YOUR INSTRUCTIONS> The required answer is an exact copy of the lines from the one containing "快眠ドリンク 乳酸菌飲料…(税込)80円" to the end of the listing, both included, without any pictures.

INPUT FOR THIS TASK>
━━━━━━━━
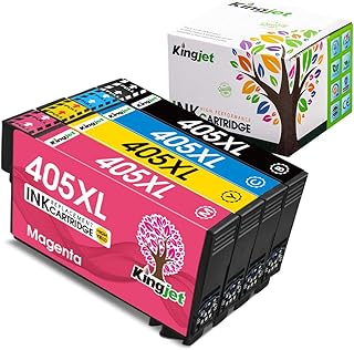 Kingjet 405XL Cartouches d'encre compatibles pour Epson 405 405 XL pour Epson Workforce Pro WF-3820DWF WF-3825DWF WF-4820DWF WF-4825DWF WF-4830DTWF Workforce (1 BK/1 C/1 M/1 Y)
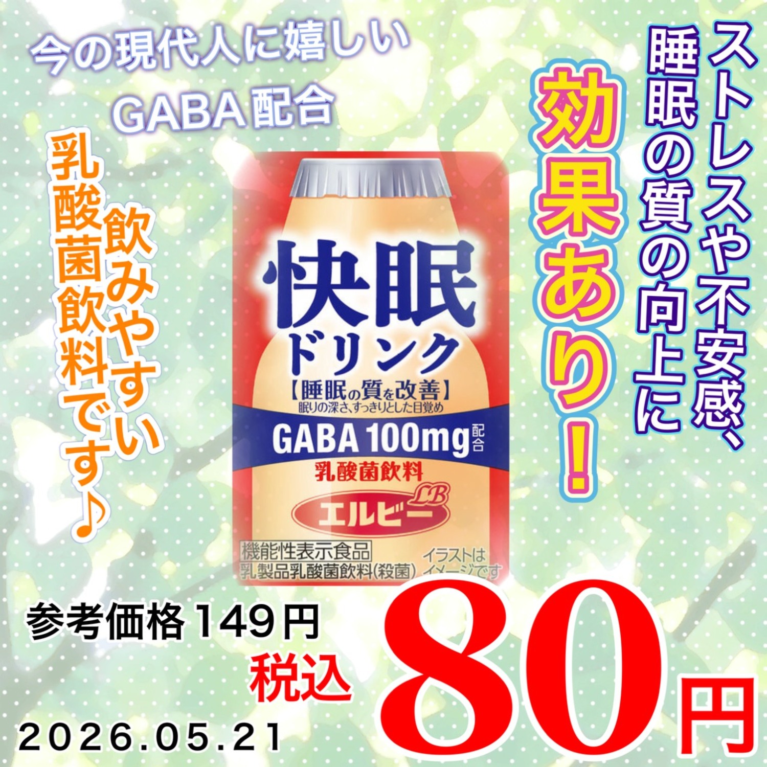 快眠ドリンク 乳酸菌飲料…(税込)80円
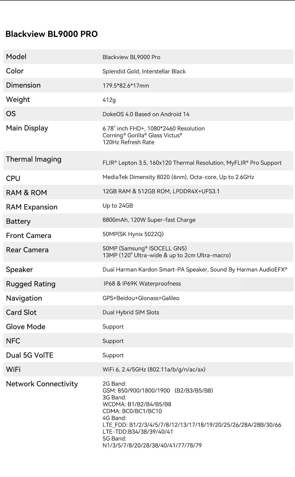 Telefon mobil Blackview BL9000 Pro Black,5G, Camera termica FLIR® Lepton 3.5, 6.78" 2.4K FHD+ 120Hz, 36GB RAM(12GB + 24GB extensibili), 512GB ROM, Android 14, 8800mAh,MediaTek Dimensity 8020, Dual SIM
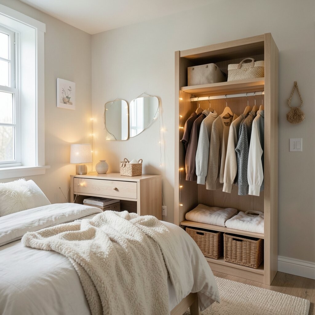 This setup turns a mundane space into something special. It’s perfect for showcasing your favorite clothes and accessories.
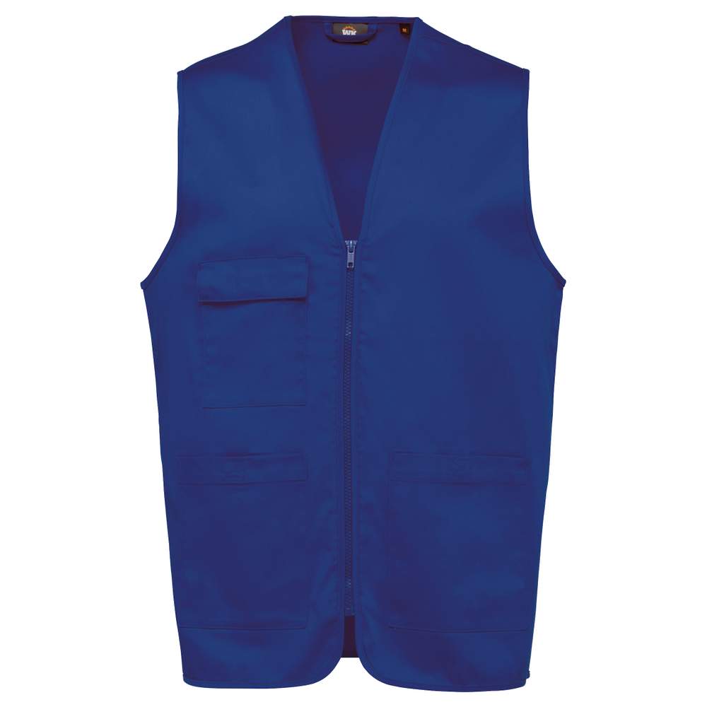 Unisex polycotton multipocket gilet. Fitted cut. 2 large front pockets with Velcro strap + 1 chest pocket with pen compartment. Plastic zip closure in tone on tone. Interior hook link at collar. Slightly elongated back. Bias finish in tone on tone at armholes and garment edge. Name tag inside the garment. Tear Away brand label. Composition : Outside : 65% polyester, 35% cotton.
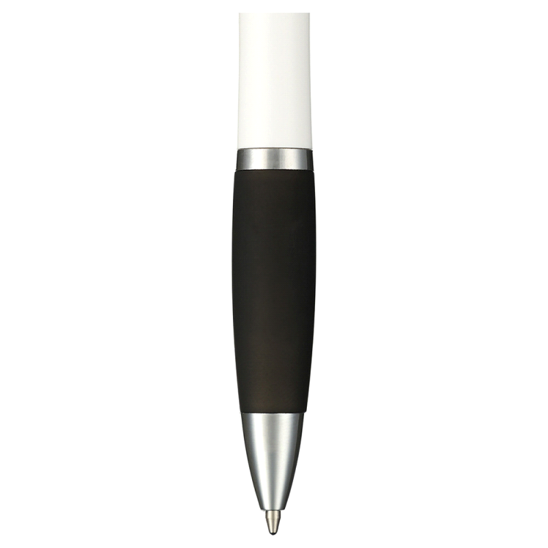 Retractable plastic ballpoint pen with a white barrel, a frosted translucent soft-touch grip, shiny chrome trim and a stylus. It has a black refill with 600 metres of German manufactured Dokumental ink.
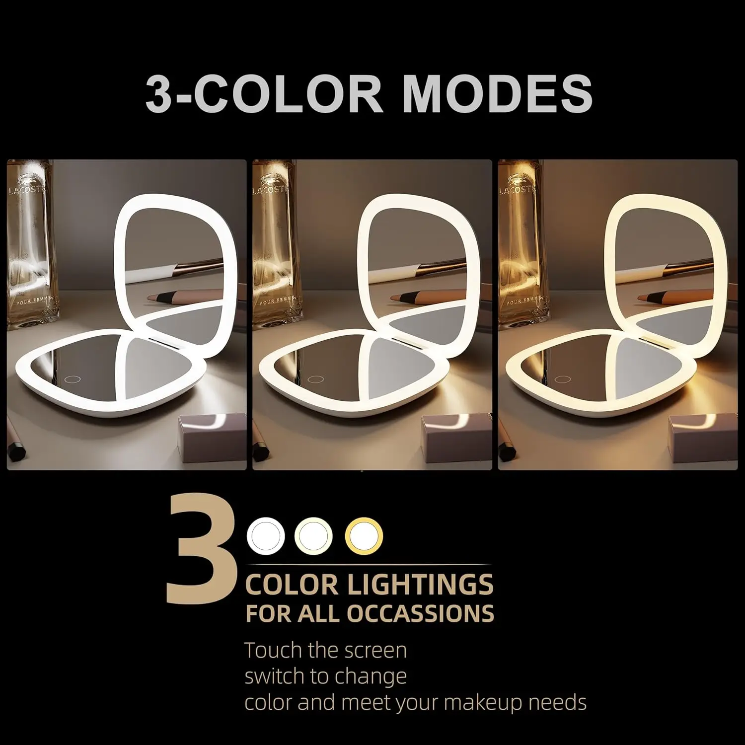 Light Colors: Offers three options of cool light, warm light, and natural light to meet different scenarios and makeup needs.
━━━━━━━━
RESULT OF THIS EXERCISE>
 快眠ドリンク 乳酸菌飲料…(税込)80円
 Telefon mobil Blackview BL9000 Pro Black,5G, Camera termica FLIR® Lepton 3.5, 6.78" 2.4K FHD+ 120Hz, 36GB RAM(12GB + 24GB extensibili), 512GB ROM, Android 14, 8800mAh,MediaTek Dimensity 8020, Dual SIM
 This setup turns a mundane space into something special. It’s perfect for showcasing your favorite clothes and accessories.
 Unisex polycotton multipocket gilet. Fitted cut. 2 large front pockets with Velcro strap + 1 chest pocket with pen compartment. Plastic zip closure in tone on tone. Interior hook link at collar. Slightly elongated back. Bias finish in tone on tone at armholes and garment edge. Name tag inside the garment. Tear Away brand label. Composition : Outside : 65% polyester, 35% cotton.
 Retractable plastic ballpoint pen with a white barrel, a frosted translucent soft-touch grip, shiny chrome trim and a stylus. It has a black refill with 600 metres of German manufactured Dokumental ink.
 Light Colors: Offers three options of cool light, warm light, and natural light to meet different scenarios and makeup needs.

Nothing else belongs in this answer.